Lazaro Armenteros

Position: LF
Level: High A
Affiliate: Beloit Snappers
League: California League
Born: 05/22/1999 (Age: 24)
Height: 6'0"
Weight: 182
B/T: Right / Right
Acquired: Signed as international free agent (Cuba) 7/2/16 (OAK)

Prospect Spotlight

The Cuban outfielder signed with much fanfare, agreeing to a $3 million amateur bonus with the Athletics in 2016. He showed big power potential in the Midwest League last year with questionable contact ability, and it has been much of the same so far in 2019 for High-A Stockton. Named to the California League All-Star Game, Armenteros slashed .227/.356/.437 in the first half this season.

A chiseled 6-foot and 182 pounds, Armenteros is a plus athlete and physical specimen. He looks more like a center-diamond defender and plus runner than his tools play in games, however, as a below-average arm limits him to LF and he isn’t very aggressive on the bases. The calling card here is power potential, as Armenteros puts on a show in BP with 60-grade raw to the pullside. There are ample questions about how much of that juice will translate to games, partially due to his stiff, unorthodox setup that causes length and lacks much natural rhythm.  He whistles the bat through the zone with speed and strength, but a locked front arm bars off the inner-third of the plate and limits his present barrel control. Armenteros’ approach is geared to pull fastballs, and while his track record of drawing walks helps buoy a feast-or-famine mentality, the strikeout numbers will have to come down in order to have much big league value.  He whiffed in above 30-percent of his Midwest League plate appearances in 2018, and that number has snowballed to over 40-percent this year in High-A.

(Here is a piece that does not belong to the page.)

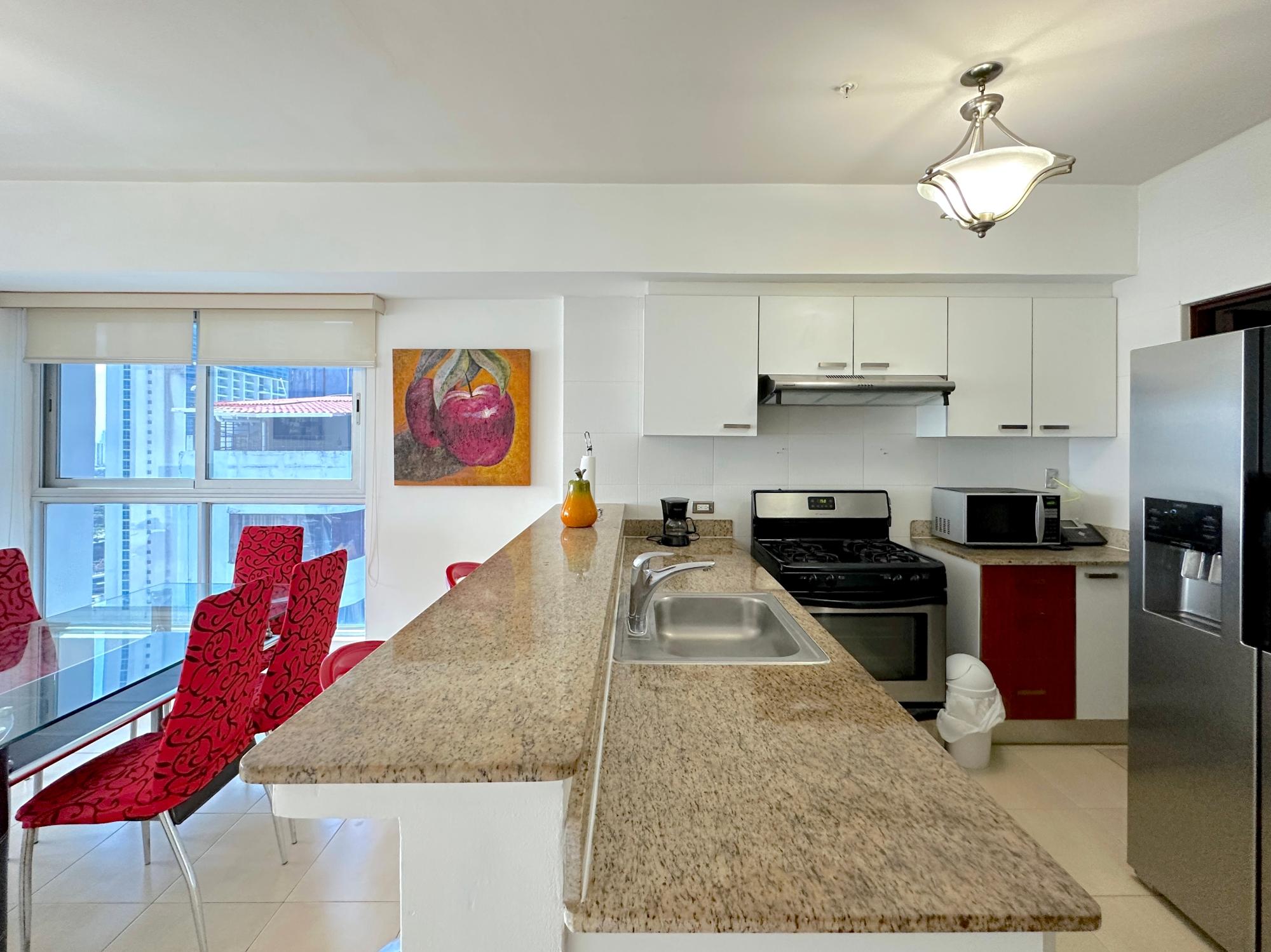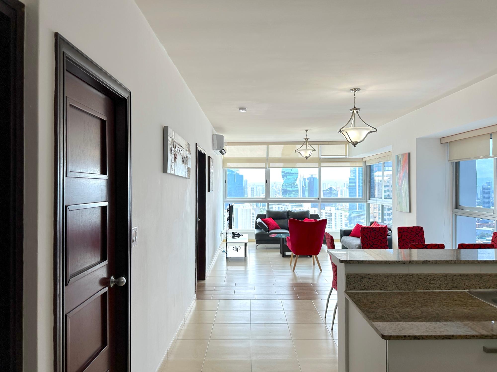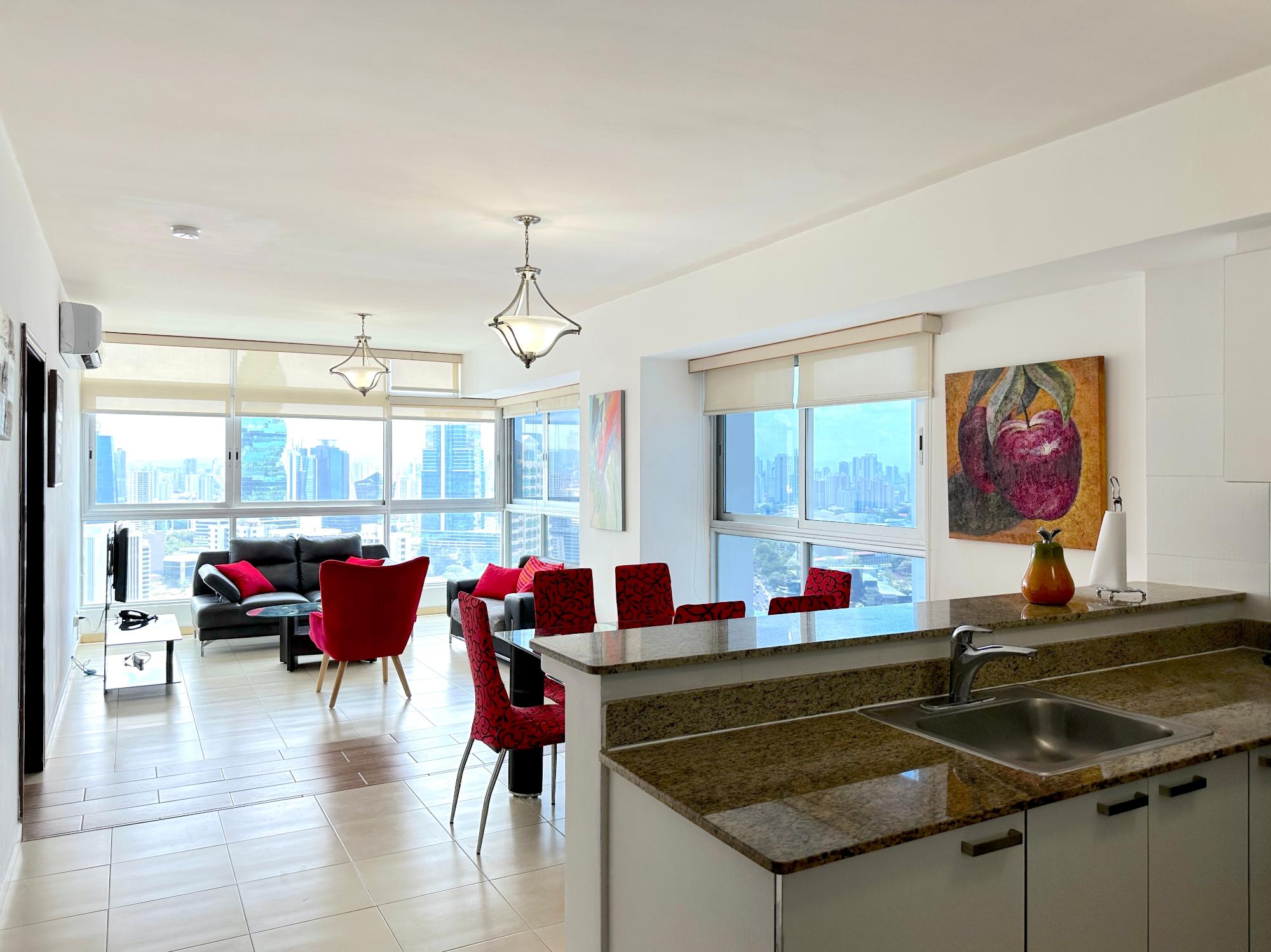 Panama Home Realty ofrece a nuestros distinguidos clientes un maravilloso apartamento situado en la Avenida Balboa con una vista excepcional de la ciudad de Panamá y de la bahia, desde el edificio en sí se puede ir andando al centro comercial Multicentro en menos de 5 minutos. El edificio de apartamentos tiene una excelente seguridad, con un portero que verifica la entrada de todos los visitantes. El apartamento es de 96 metros cuadrados con dos dormitorios y dos baños, un amplio salón con una hermosa vista al mar y vista a la hermosa ciudad de Panamá. El Tower goza de hermosas vistas del mar y la ciudad. Los centros comerciales más cercanos están a solo 5 minutos a pie del establecimiento donde encontrarán los restaurantes,bares y lugares para salir por la noche más cercanos en la calle Uruguay,a solo 10 minutos a pie. Queda a 15 minutos a pie del centro turístico del casco antiguo,a 15 minutos en auto de Panamá la Vieja y a 20 minutos en coche del centro comercial Albrook y muchas otras tiendas. El Canal de Panamá está a media hora en auto. Este edificio de lujo ofrece instalaciones climatizadas que incluyen un vestíbulo con recepción 24 horas,caja fuerte,guardarropa y ascensor. Cuenta con apartamentos completamente amueblados con altos niveles de calidad y arquitectura a la última. Los aficionados al deporte tienen el gimnasio a su disposición para hacer ejercicio,o bien pueden relajarse en la sauna.

The raw ingredients of a slugging corner outfielder are here, but the 20-year-old has a ways to go from a hit tool perspective to reach that ceiling. Hitters that strike out at the rate he has–especially through A-Ball–rarely ever cut into that number very much. This type of player needs to clear 25-30 HRs to be a FV 50 (or better) contributor on a corner, and though he’s a low-probability prospect, Armenteros at least has the raw power to have a puncher’s chance at finishing that type of slugger. A best-case scenario for this low-average, high-strikeout, right-handed corner profile is the man currently patrolling LF for Oakland, Khris Davis. More realistically, Armenteros falls a bit short of that upside given the burden of his strikeout numbers.